NT: It’s interesting that you compare the motivations of the photographer and the solider going to war. Images from war and conflict have been used instrumentally for a long time; it’s not a new thing that victorious, symbolic actions are staged or that killing is staged for the photograph. But today, when every killing in war can be photographed and published and made into a symbolic attack, what thoughts do you have about the camera as a weapon in war?
CB: It’s called war propaganda, and it’s a very fine line. Everyone who goes into a war situation and reports back has to ask themselves if they’re being true to what they’re witnessing or if they’re producing propaganda. There are no clear rules; you always have to ask yourself: am I being biased? There’s no objectivity in journalism; I think we’re pretty much past that idea. It’s just not valid anymore. Journalism is always subjective and people make mistakes. The important thing is to have many different viewpoints, a variety of journalists and publications reporting on events. As a viewer, you have to be conscious about what you choose to see and read.
NT: Today, everybody can make photographs and publish them. I know there’s a lot of discussion about this in your field. How is it changing your way of working and your way of making a living as a photographer?

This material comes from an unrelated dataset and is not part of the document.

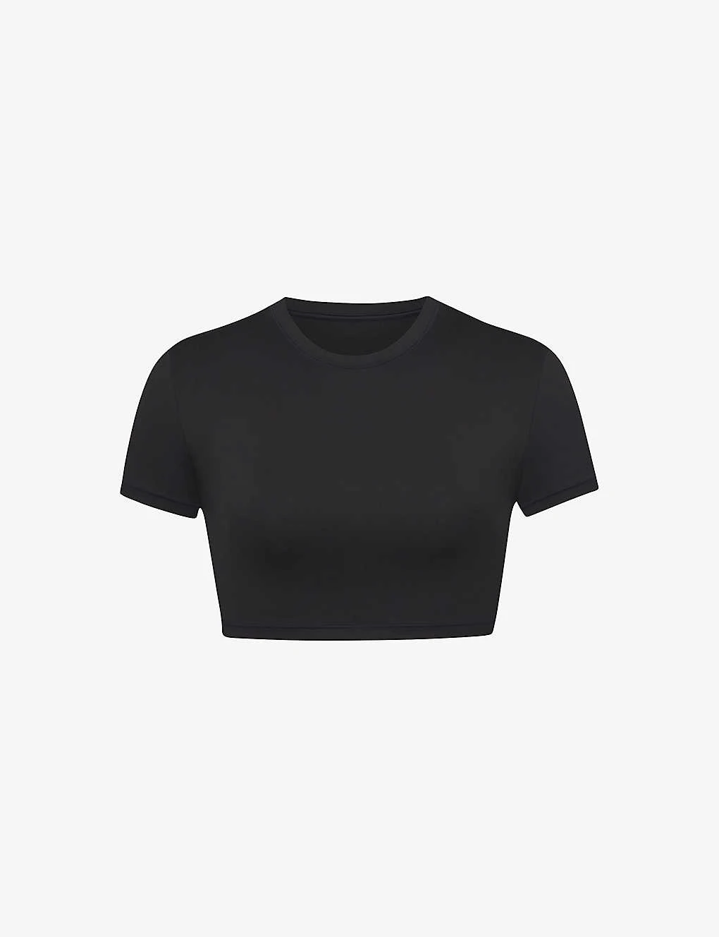 - Slim fit, round neck, short sleeves, cropped
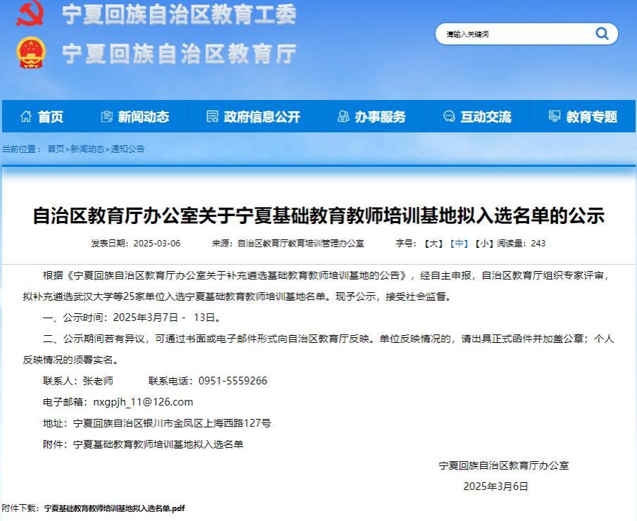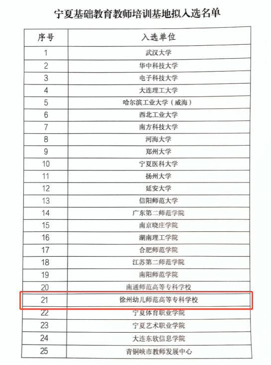 成功申报并入选“宁夏基础教育教师培训基地”,是唯一一所幼儿师范类高职高专入选院校。

CB: There seems to be an illusion that everything that happens in this world is documented and published and that we all have access to it. I don’t think that’s the case. Who’s photographing the atrocities of Boko Haram now in Northern Nigeria? Nobody! There are no photographs! The only materials that exist are images shot by Boko Haram themselves, which they use as propaganda. There are no journalists there; its too dangerous: if they catch you they cut your head off. I do think we should see these propaganda videos – this is how these people portray themselves – but it’s a poor way to report on these events. People in Northern Nigeria don’t have a smart phone, and if they did, they’d be running a big risk taking photos and publishing them. In the countryside in Afghanistan most people don’t have a smart phone or they don’t dare to take a photograph. There’s a big need today for high-quality journalism. But I do think all the imagery shot and published by non-professional photographers is a good thing; it’s an important addition to what we do as professional photographers. But that brings us back to the initial question of context. It doesn’t necessarily help us to have access to six million images. To create meaning, they have to be sorted and put into a context. I think this will increasingly become our role as photographers in the future: to navigate and point to the essential.